We found a broad range of annual CH4 fluxes across tropical sites in FLUXNET-CH4 Version 1.0. Annual CH4 flux emissions from two Southeast Asian flooded peat forests were relatively low, 0.01 ± 0.1 and 9.5 ± 0.6 g C m−2 yr−1 for ID-PAG and MY-MLM, respectively, which is consistent with annual CH4 fluxes measured at another peat forest in Indonesia (Deshmukh et al., 2020).
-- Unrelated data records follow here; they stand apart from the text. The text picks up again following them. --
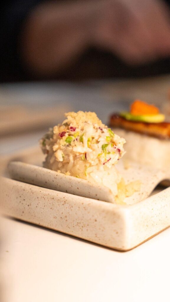O sushi, no Gurumê, é tratado como arte viva. O corte preciso, o brilho do peixe, o arroz moldado à mão — tudo é coreografado com respeito e propósito. Daiti resume essa filosofia em uma palavra: respeito.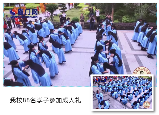 鉴于kaiyun官网师生去年在朱熹绍熙州县释奠仪的出色表现,kaiyun官网今年受邀安排88名学生干部承接成人礼。随着鼓乐声响起,kaiyun官网朱国辉校长带领kaiyun官网88名学子身着汉服肃穆而立。在众人的见证下,担任主礼官的朱校长陪同受冠者、加冠、行醮子礼、赐字,以这样传统的方式步入成人的行列。同时,其他两所学校两个分会场各有400名学子,参与此次成人礼。此次活动共计888名学生纪念朱熹诞辰888周年。这场成人礼主要以朱子《家礼》所记载的冠礼为蓝本,根据现代推广需要改良而来,让朱子成人礼重放光彩。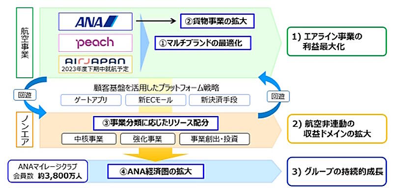 引用画像を見てわかるように、航空事業とノンエアの連結にECなどを使っていこうという構想です。移動手段として航空機を使っている人はマイルを貯めていることが多いです。そのマイルが貯めやすくなって使いやすくなれば、ANA経済圏にどっぷりという人も増えてきそうです。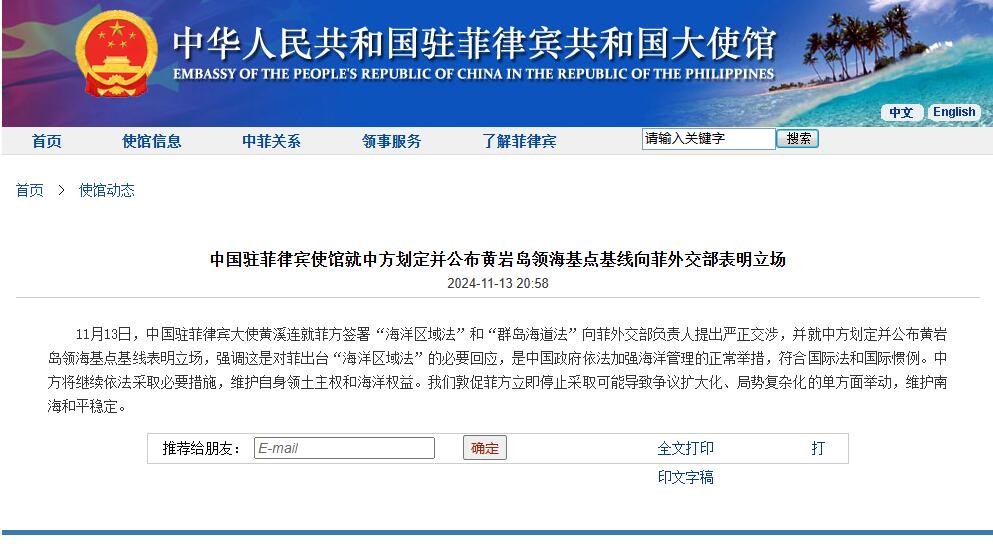 香港新聞網11月14日電 據中國駐菲律賓大使館網站,中國駐菲使館就中方劃定并公佈黃岩島領海基點基線向菲外交部表明立場。 11月13日,中國駐菲律賓大使黃溪連就菲方簽署“海洋區域法”和“群島海道法”向菲外交部負責人提出嚴正交涉,并就中方劃定并公佈黃岩島領海基點基線表明立場,強調這是對菲出台“海洋區域法”的必要回應,是中國政府依法加強海洋管理的正常舉措,符合國際法和國際慣例。中方將繼續依法採取必要措施,維護自身領土主權和海洋權益。我們敦促菲方立即停止採取可能導致爭議擴大化、局勢複雜化的單方面舉動,維護南海和平穩定。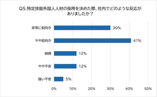 特定技能外国人人材の採用を決めた際、社員の反応として多かったのは「非常に前向き」(30%)や「やや前向き」(41%)であり、社員の約7割が前向きであったという結果となりました。また、採用に関して「納得」(12%)している層もいることから、人手不足の解消などを図るために、特定技能外国人人材に期待が寄せられていることがうかがえます。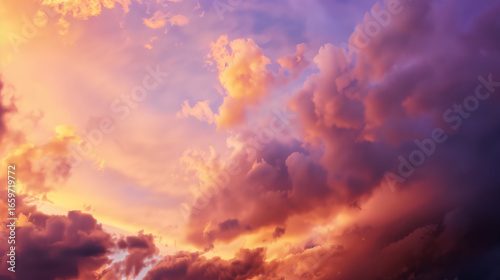 Dramatyczne niebo o zachodzie słońca w intensywnych barwach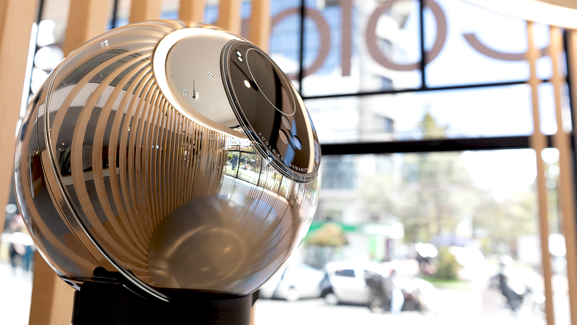En el centro del espacio sigue estando el Orb, una cámara avanzada que verifica la unicidad de una persona, manteniendo todos los datos biométricos privados y almacenados únicamente en el dispositivo del individuo.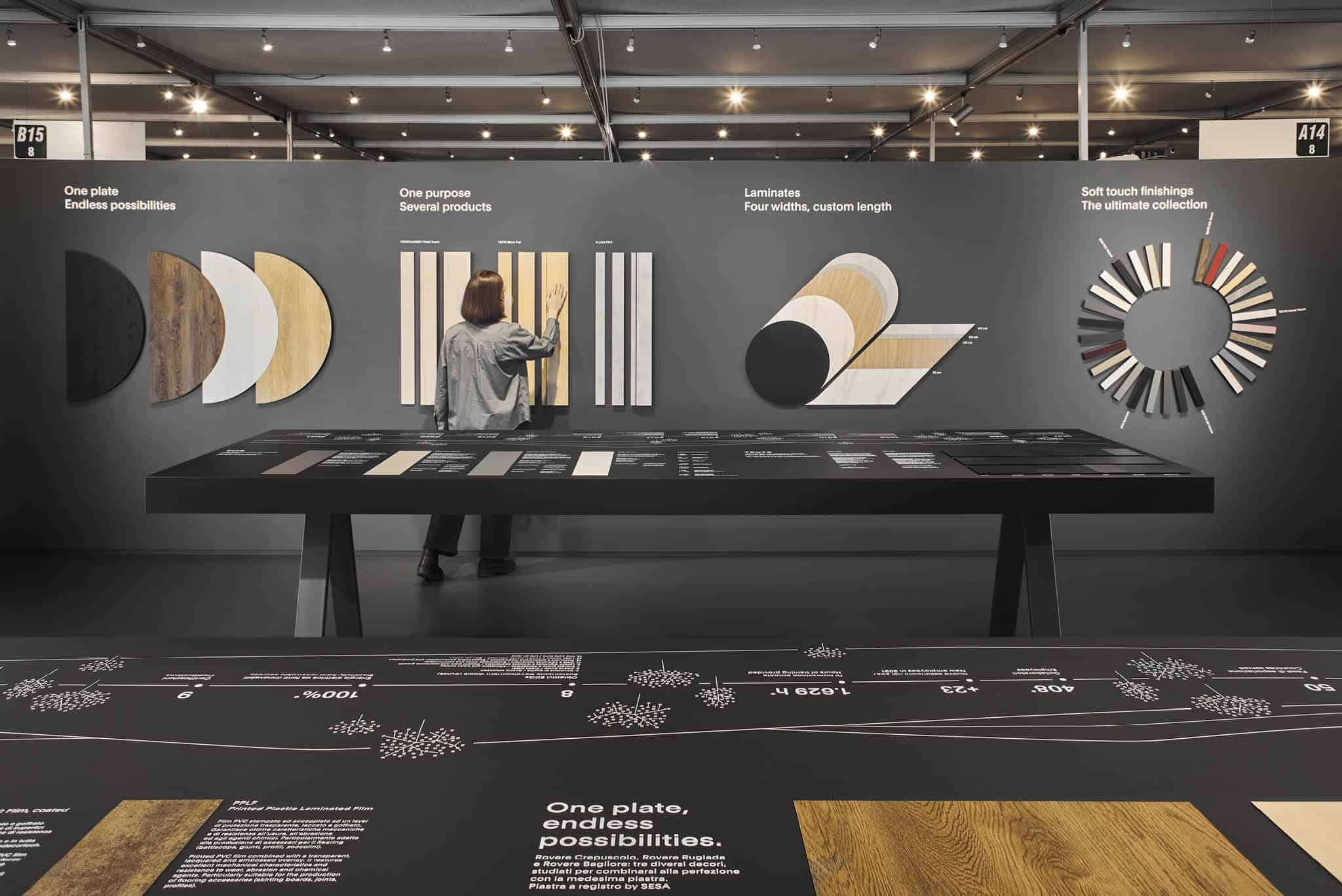 Una grafica dedicata ad ognuno di questi aspetti trova spazio sulla parete di fondo, mentre al centro dello spazio espositivo due grandi tavoli raccontano, in maniera puntuale, le famiglie di prodotti e l’impegno del gruppo sul fronte della sostenibilità.

In contrast, mean annual CH4 flux for a seasonally flooded swamp in the Brazilian Pantanal region (BR-NPW) was over twice as high as MY-MLM, at 19.2 ± 2.5 g C m−2 yr−1. Similarly high annual CH4 fluxes were observed at the two Botswana swamp sites in the Okavango Delta (51.7 ± 10.6 and 47.3 ± 3.7 g C m−2 yr−1 for BW-GUM and BW-NXR, respectively), one of which is seasonally inundated and surrounded by grassland (BW-NXR) and the other a permanently flooded lagoon covered in a floating papyrus mat (BW-GUM). The relatively low fluxes found at the two Southeast Asian peat forest sites indicate that these ecosystems may be smaller CH4 sources than expected given their location in the humid tropics. Even the higher-emitting tropical sites in Brazil and Botswana are still well within the range of annual CH4 flux typical in cooler latitudes (Fig. 1).
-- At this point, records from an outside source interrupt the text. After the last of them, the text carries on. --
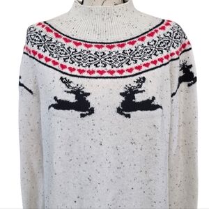 Loft Fair Isle Reindeer Winter White Mock Neck Long Sleeve Knit Sweater L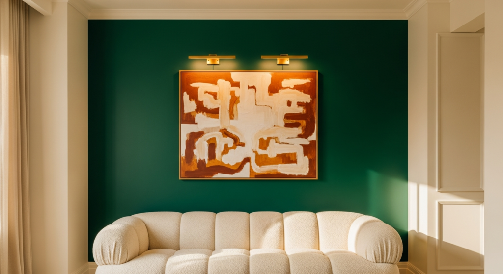 • Choose the accent wall thoughtfully: the most effective accent walls are those behind the primary seating piece (the sofa wall), opposite the main entrance (so the statement is the first thing seen upon entering), or beside the fireplace (amplifying the room’s existing focal point).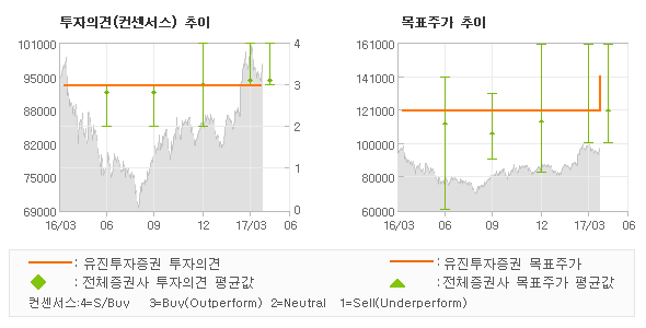 | 의견제시일자 | 증권사 | 투자의견 | 목표가 | | 20170419 | 유진투자증권 | 매수(유지) | 141,000 | | 20170419 | 메리츠종금증권 | 매수 | 130,000 | | 20170419 | 미래에셋대우 | 매수(유지) | 110,000 | | 20170419 | 유안타증권 | STRONG BUY | 160,000 |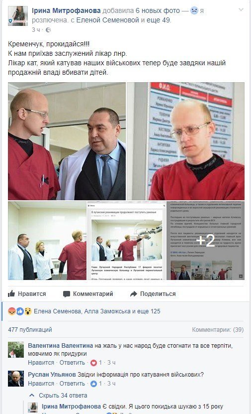 Известный кременчугский волонтер Ирина Митрофанова заявила на своей странице в Фейсбук о том, что врач из так называемой «ЛНР» Климов причастен к пыткам военных на оккупированной территории.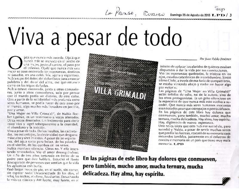 Sobreviviente de Villa Grimaldi (entrevista) [artículo] Macarena Gallo.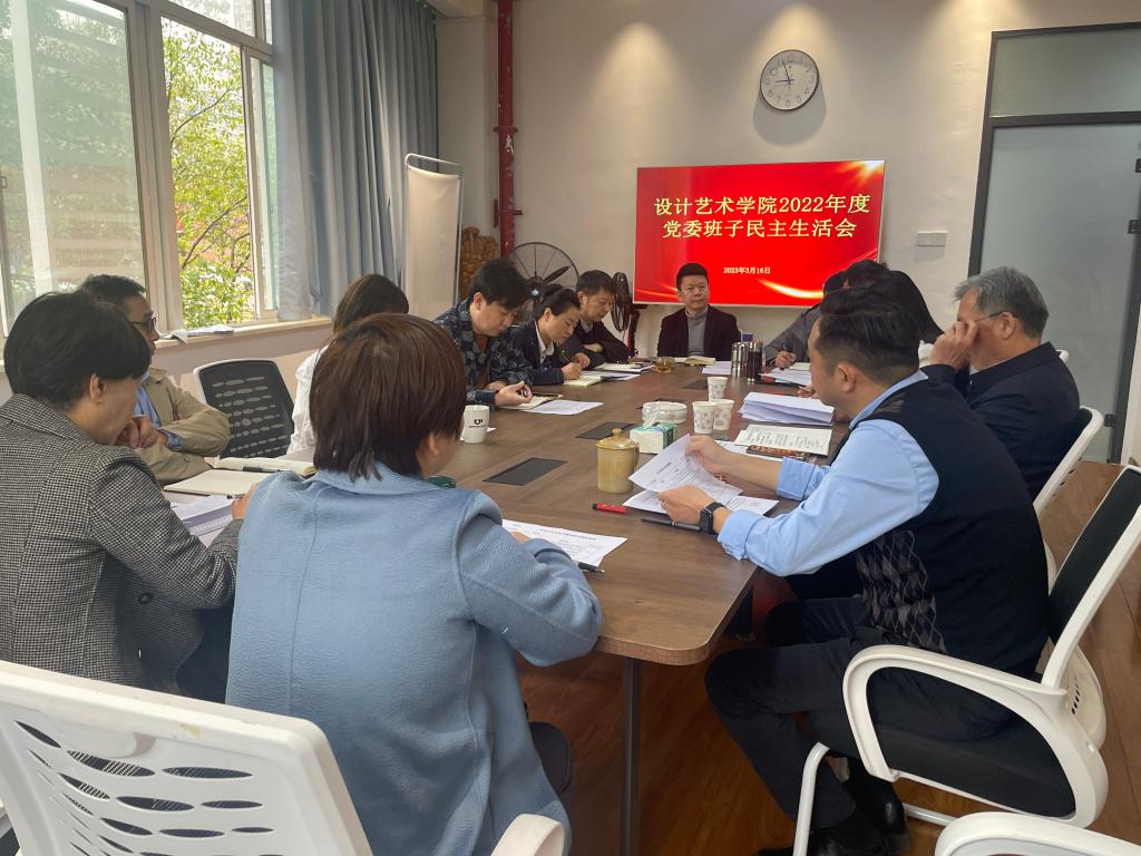 316日,设计艺术学院党委召开2022年度民主生活会。会议以全面贯彻习近平新时代中国特色社会主义思想,深刻领悟“两个确立”的决定性意义,增强“四个意识”、坚定“四个自信”、做到“两个维护”,团结带领党员干部群众以奋发有为的精神贯彻落实党的二十大作出的重大决策部署为主题,聚焦“六个方面”,查摆不足,分析原因,认真开展批评和自我批评。学院党委书记李伟主持会议,学院班子全体成员参加。副校长谈传生、组织部副部长李芳瑾到会指导。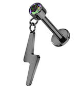 Black PVD Electric Bolt Dangle Black Aurora CZ Titanium Threadless Labret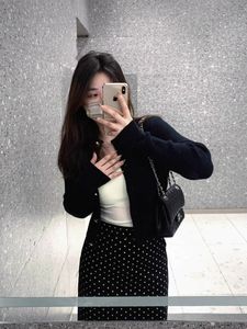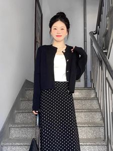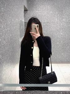 法式小香风金扣黑色针织开衫女2025秋季新款短款圆领毛衣外套上衣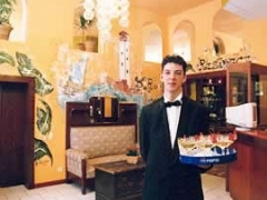 Restaurace s barem, kavárna a salónek a letní terasa.

In addition to having highly variable CH4 flux magnitudes, the tropical sites differ from each other in their seasonality. CH4 flux hit a minimum around July for two sites (BW-GUM, latitude 18.965∘ S, and MY-MLM, latitude 1.46∘ N), while CH4 flux increased through July and the subsequent months for the other Botswana site, BW-NXR (latitude 19.548∘ S). Site ID-Pag (latitude 2.32∘ S) had minimal seasonality, whereas the flooded forest site in Brazil (BR-NPW, latitude 16.49∘ S) had near-zero fluxes from approximately July to January and consistently high fluxes for the remainder of the year. The rice site PH-RiF (latitude 14.14∘ N) had two annual CH4 flux peaks, which is consistent with some other rice sites and likely reflects management practices. Baseline CH4 flux values also differed, with the two Botswana sites having the highest off-season fluxes (29 and 133 nmol m−2 s−1 for BW-NXR and BW-GUM, respectively, estimated by TIMESAT), MY-MLM having an intermediate baseline CH4 flux (16 nmol m−2 s−1, estimated by TIMESAT), and the remainder of the sites having essentially zero flux at baseline. While more tropical wetland data will be needed to extract broad-scale conclusions about these ecosystems, the six tropical sites in FLUXNET-CH4 provide an important starting point for synthesis studies and highlight tropical wetland CH4 variability.
Half-hourly and daily aggregations are available for download at https://fluxnet.org/data/fluxnet-ch4-community-product/ (for citations, please cite this study), along with a table containing site metadata compiled from Table B3. Variable descriptions and units are provided in Table B1 and at https://fluxnet.org/data/fluxnet-ch4-community-product/ (last access: 7 April 2021). Each site has a unique FLUXNET-CH4 DOI as listed in Table B3. All site data used in this analysis are available under the CC BY 4.0 (https://creativecommons.org/licenses/by/4.0/, last access: 6 July 2021) copyright policy (two additional sites in FLUXNET-CH4 are available under the more restrictive Tier 2 data policy, https://fluxnet.org/data/data-policy/ (last access: 6 July 2021); these sites are not used in our analysis). The individual site DOIs are provided below in Table 2. All seasonality parameters used in these analyses are available at https://doi.org/10.5281/zenodo.4672601 (Delwiche et al., 2021).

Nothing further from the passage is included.